Kelle İbrahim Caddesi üzerinde bulunan, bozuk neo-klasik üslupta ve süratle tükenen ahşap bağdâdî teknikle inşa edilen iki katlı zarif sahilhanenin cadde cephesinde bahçesi, uzunca bir rıhtımı ve kayıkhanesi bulunmaktadır. Konsol1 furuşları2 üzerinde az da olsa cumbası3 olan, alaturka kiremitli4 ve sürme pencereli yalı, 1986 yılında plana sadık kalınarak yeniden inşa edilmiştir. Yalılarda uygulanan planlardan, alt kat selamlık5, üst kat harem6 şeklinde kullanan yalının bahçesindeki kaynak suyu kurumuş, kuyusu iptal edilmiş olup, mevkiin özelliği olarak hem lodos hem de poyraz almaktadır.

Hamlacı7 Halil Ağa tarafından 19. Yy’ın başında yaptırılan yalı, Raif Bey tarafından, mirasçılarından satın alınmış, vefatı sonrası hanımı ve çocuklarına intikal etmiştir. Sahilhane, Gayrimenkul Eski Eserler ve Anıtlar Kurulu tarafından 1971 yılında koruma no 22 ile tescil edilmiştir.8

 


 

1 Konsol: Bir çıkmayı alttan destekleyen S şeklinde iki ters kıvrımlı taş destek. 2. Yalnızca bir yanındaki mesnet tarafından taşınan, diğer kısımları boşlukta olan yatay yapı öğesi; konsol kiriş, konsol döşeme.

2 Furuş: Saçakların, çıkmaların altına yalnızca süsleme amacıyla konulan küçük destek ya da oymalı süsler.

3 Cumba: Eski Türk evlerinde zemin katının üzerindeki katlarda dışa taşan, çoğu kafesli oda bölümü.

4 Alaturka Kiremit: Kesik yarım koni şeklinde, her iki yanına eklenen parça ile uygulama ve kaymayı engelleyen, kanal bulunmadığından özellikle yuvarlak çatılarda esnek döşeme avantajına sahip, çivi delikleri su almayacak şekilde dizayn edilmiş, pürüzsüz yüzeyi nedeniyle toz ve kirin tutunamadığı ve estetik bir görünüme sahip, Türk usulü nostaljik kiremit.

5 Selamlık: Saray, konak ve evlerin erkeklere ait kısmı.

6 Harem: Saray, konak ve evlerin kadınlara ait kısmı.

7 Hamlacı: Genellikle, devlet yöneticileri, saray erkânı, üst düzey şahıslar ve zenginler olmak üzere, büyük kayık, sandal ve filikalarda kıçtan birinci oturakta kürek çeken kimselerdir.
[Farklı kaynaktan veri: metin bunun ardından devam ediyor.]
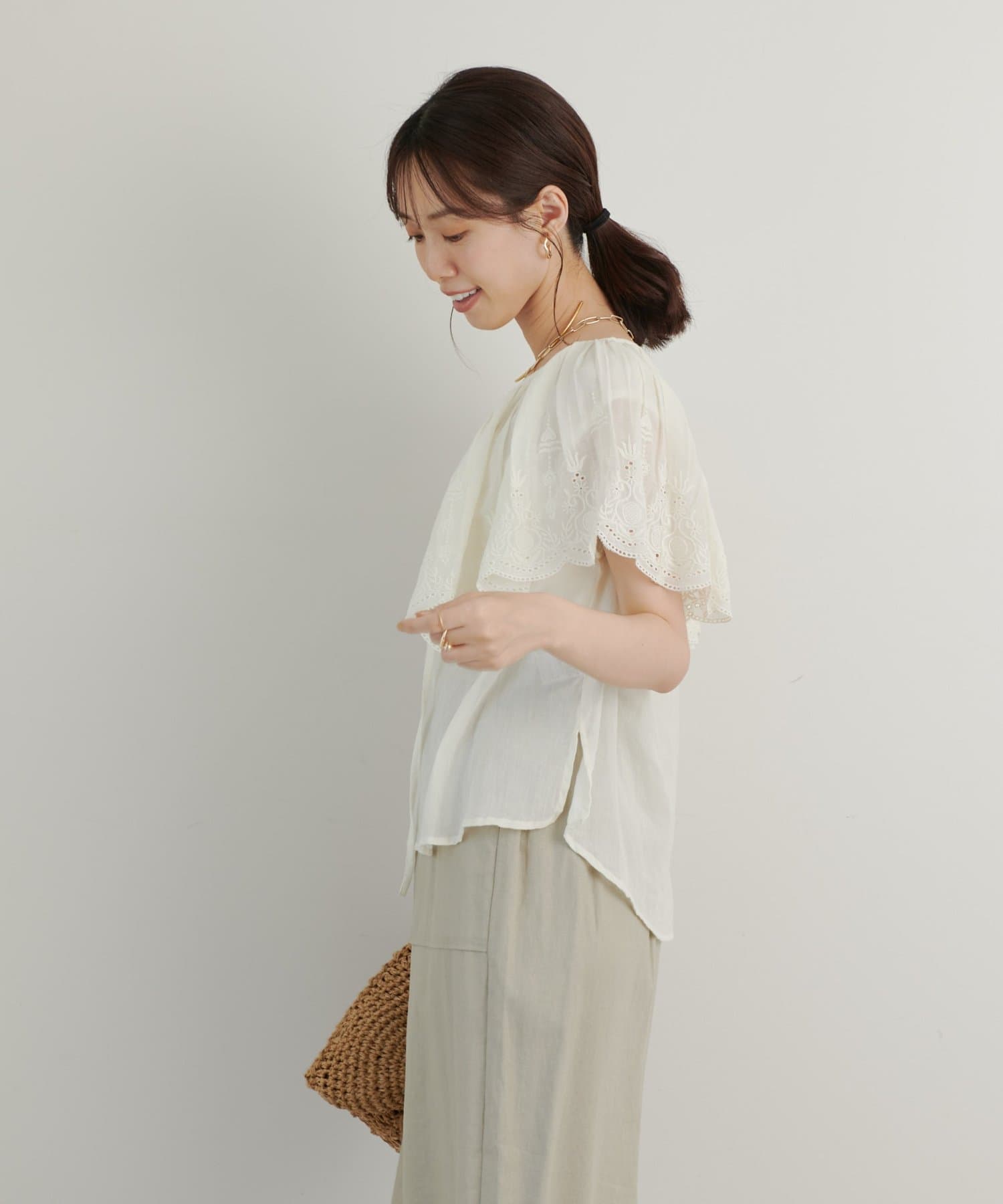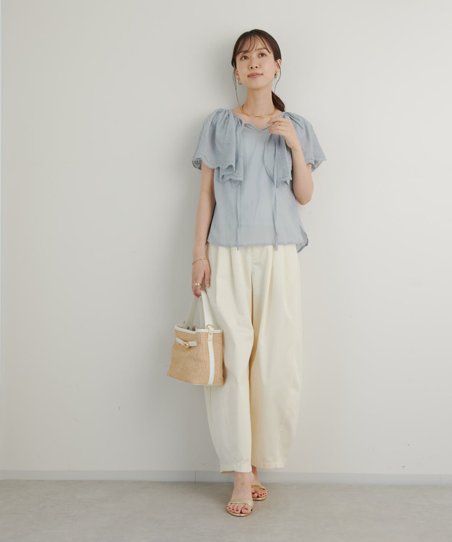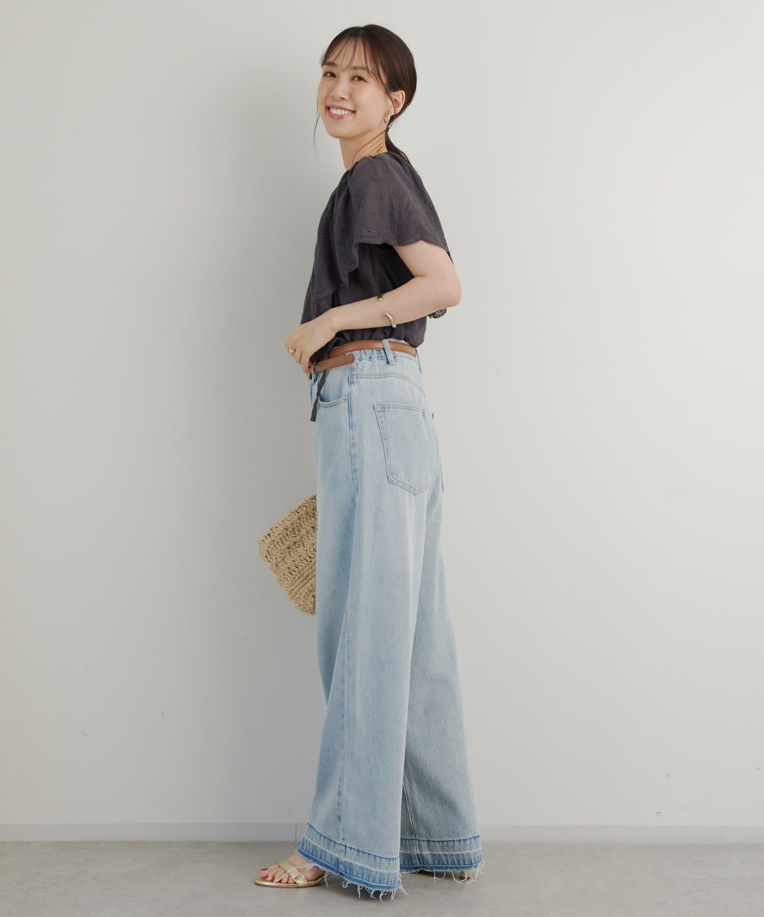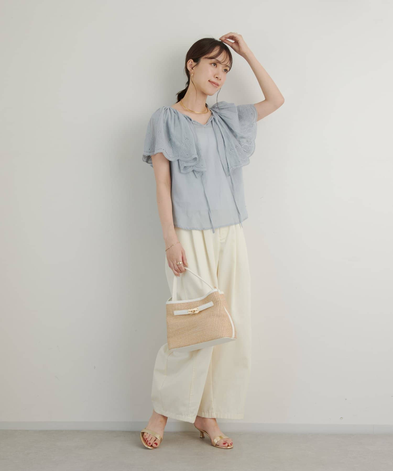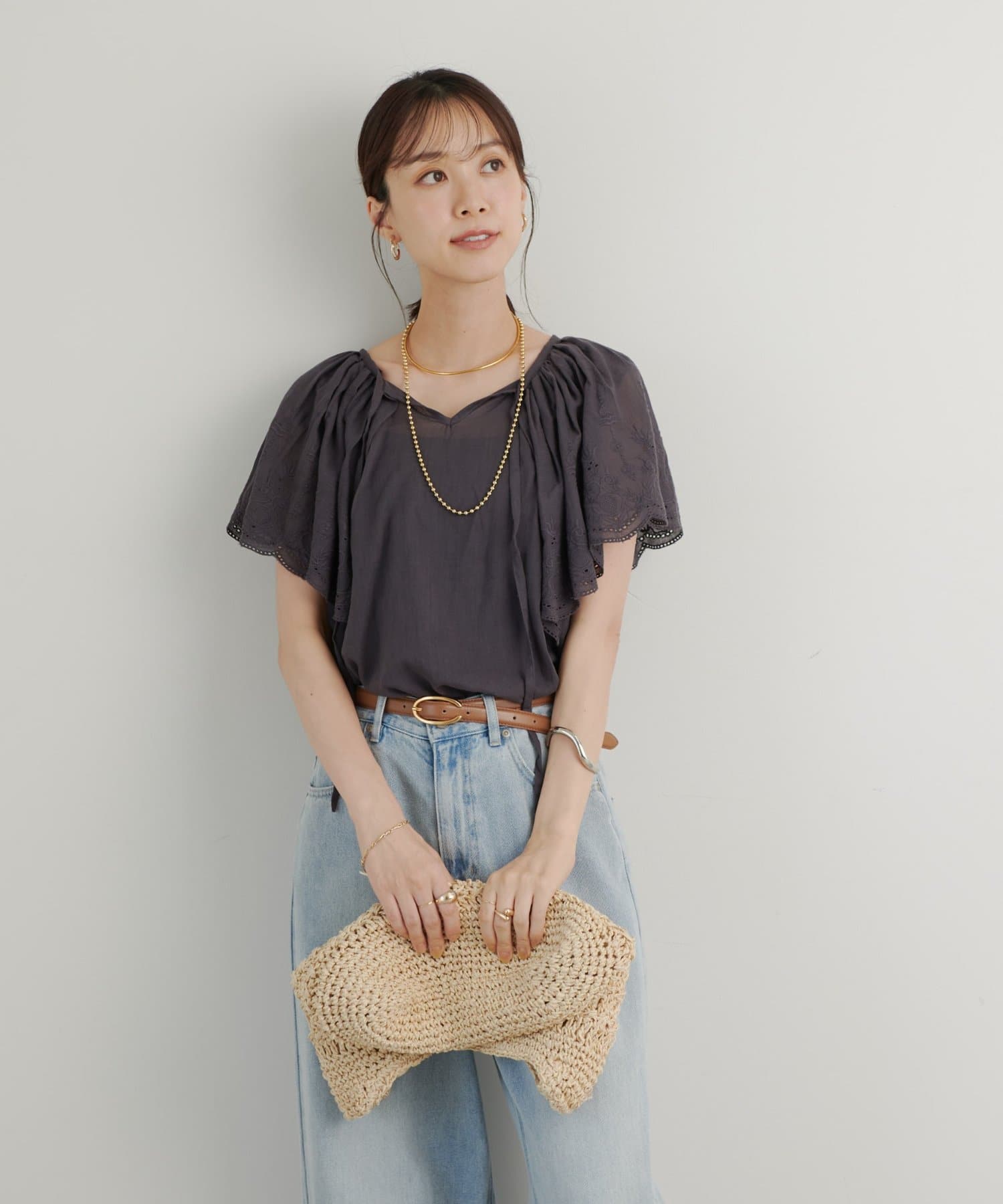 デニムやパンツと合わせても大人可愛く着られます。
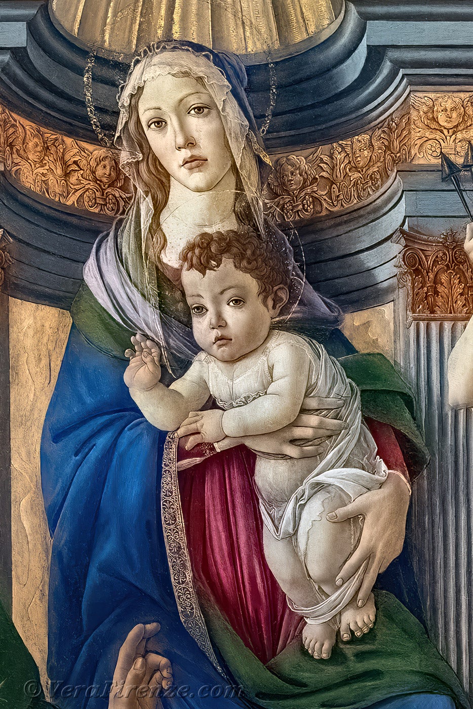 «La Madonna con il Bambino in trono e sei santi» di Botticelli alla Galleria degli Uffizi di Firenze

Özel beceri, kültür ve meziyetlere sahip olan hamlacılar; kuvvetli, güvenilir, sır tutma özelliğine sahip, dönemin sosyal kuralları gereği, kayıklara binecek hanımlara ellerini değil de omuzlarını uzatacak kadar dikkatli, kibar ve âdâb-ı muaşerete hâkim kimselerdir.

8 Orhan Erdenen, Boğaziçi Sahilhaneleri, c.1, İBB Kültür A.Ş, 2006.